Ok, so. This summer, you're willing to help me pick out a neo to buy, right?


----------



## PHRAG (May 10, 2007)

Zach, you can't go wrong with straight Neofinetia falcata standard form. And they are cheaper than the rare forms so...

1. If you kill it you won't feel so bad. (You won't kill it.)
2. You can get many more mature growths for the same price as a one growth rare form.

I have two standard forms, and they can't be beat in the fragrance department.


----------



## practicallyostensible (May 10, 2007)

I didn't know they were fragrant! I'm sold-- maybe it will overpower the wet dog smell coming from my Paph grande. Where do you get your Neo's from, they are adorable.


----------



## kentuckiense (May 10, 2007)

PHRAG said:


> Zach, you can't go wrong with straight Neofinetia falcata standard form. And they are cheaper than the rare forms so...
> 
> 1. If you kill it you won't feel so bad. (You won't kill it.)
> 2. You can get many more mature growths for the same price as a one growth rare form.
> ...



Also, it probably helps that I am a samurai.


----------



## Marco (May 10, 2007)

John, great flower on that kutsuwamushi. I'm sure it smells yummy.


----------



## L I Jane (May 10, 2007)

Gotta love those Neos!


----------



## PHRAG (May 10, 2007)

I get all of my Neos from two sources...

Orchids limited www.orchidweb.com
New World www.newworldorchids.com

This one smells like sugar cookies and vanilla. The sweetness is overwhelming.


----------



## Elena (May 10, 2007)

PHRAG said:


> Neofinetia is the perfect orchid. If you don't have one in your collection, get one. Seriously.
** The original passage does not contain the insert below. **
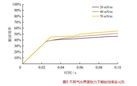 氣水界面張力對注氣解封過程及流體微觀分布具有較大影響。建立70 mN/m、40 mN/m和20 mN/m等3種不同的氣水界面張力的模型,分別代表潤濕反轉劑作用后的氣水界面張力變化情況,研究不同氣水界面張力條件下流體微觀分布演化特征和解封效率差異性(圖9)。從圖中可以看出,隨著氣水界面張力的降低,毛細管力減小,大幅降低注氣解封過程流體流動阻力,促進了氣相優勢通道的快速形成,說明氣水界面張力的降低有助于減小解封壓力,實現水封氣藏的快速解封;但同時氣水界面張力的降低,會導致氣體微觀波及效率降低,部分區域仍具有較高的含水飽和度,解封效率略微降低。因此,隨著潤濕反轉劑濃度的增加,潤濕反轉劑能夠降低氣水界面張力,對解封過程產生明顯的促進作用,但解封效率會略微降低。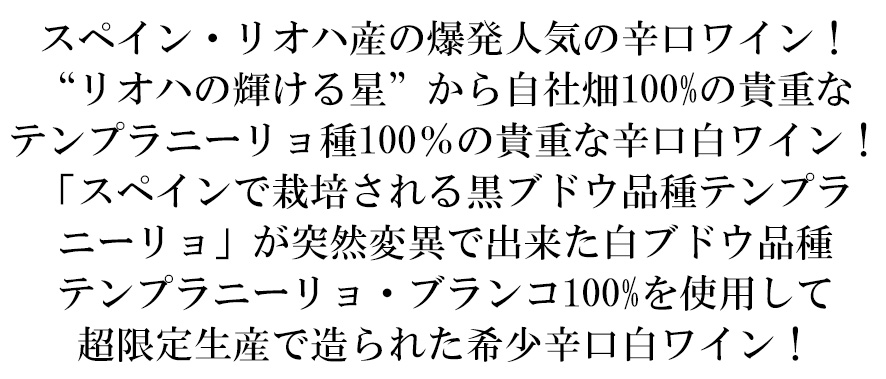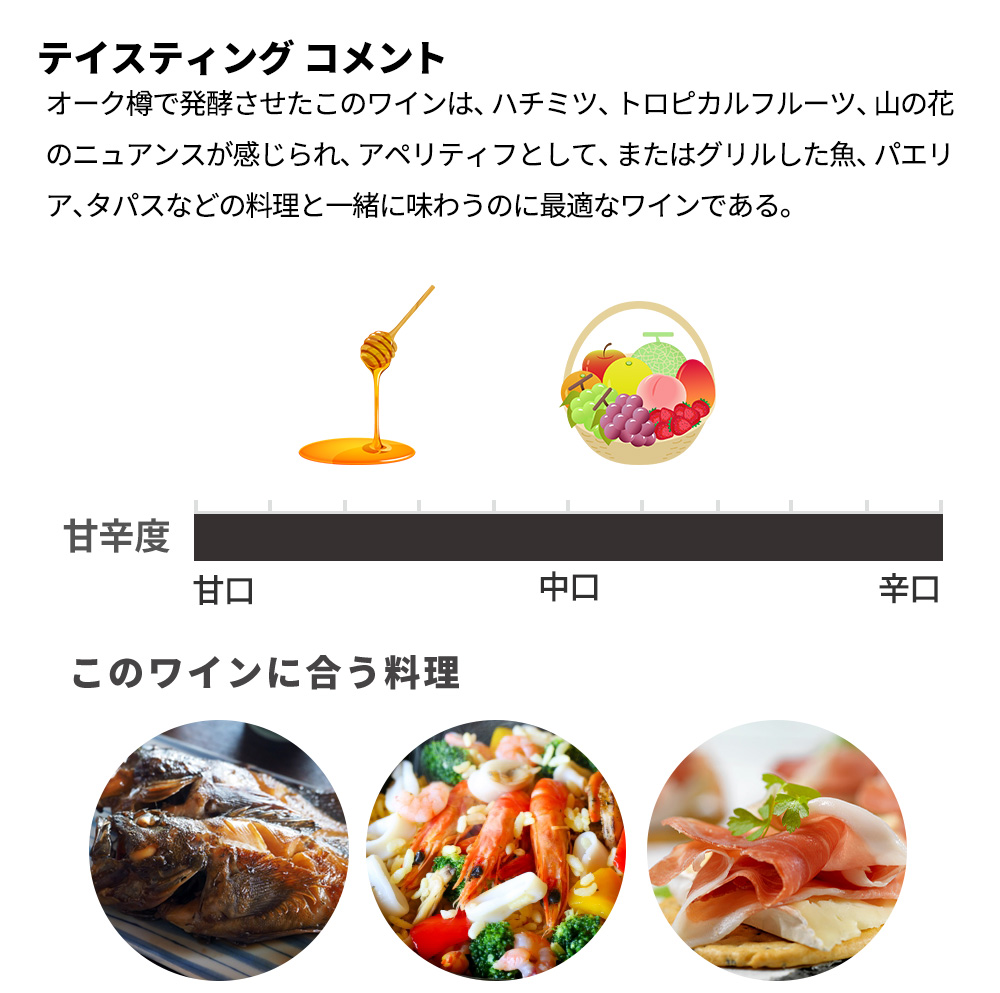 心地よい余韻を残し、フレッシュで余韻が長く、熟成能力の高さが際立つ白ワイン。日本では赤のリオハベガが人気ですがスペイン本国では断トツにこの辛口の白ワインがレストラン様や愛好家に人気だそうです。

Except that it's impossible to only get one oke: :rollhappy: 

Yours are just beautiful!


----------



## myxodex (May 10, 2007)

Beautiful, can't wait for mine to bloom


----------



## PHRAG (May 12, 2007)

Jolly Green Giant!











These flowers are the largest I have ever personally seen on a Neo. They are key-lime-pie green with a white lip. They haven't started sending out fragrance yet, but they just bloomed this morning.


----------



## Marco (May 12, 2007)

great color on the hisui john. keep us updated on the frangrance. thanks for the photo


----------



## Heather (May 12, 2007)

Which one is that? Very nice color!


----------



## smartie2000 (May 12, 2007)

Not that I am an expert, I think it is Hisui. They have that pleasant green


----------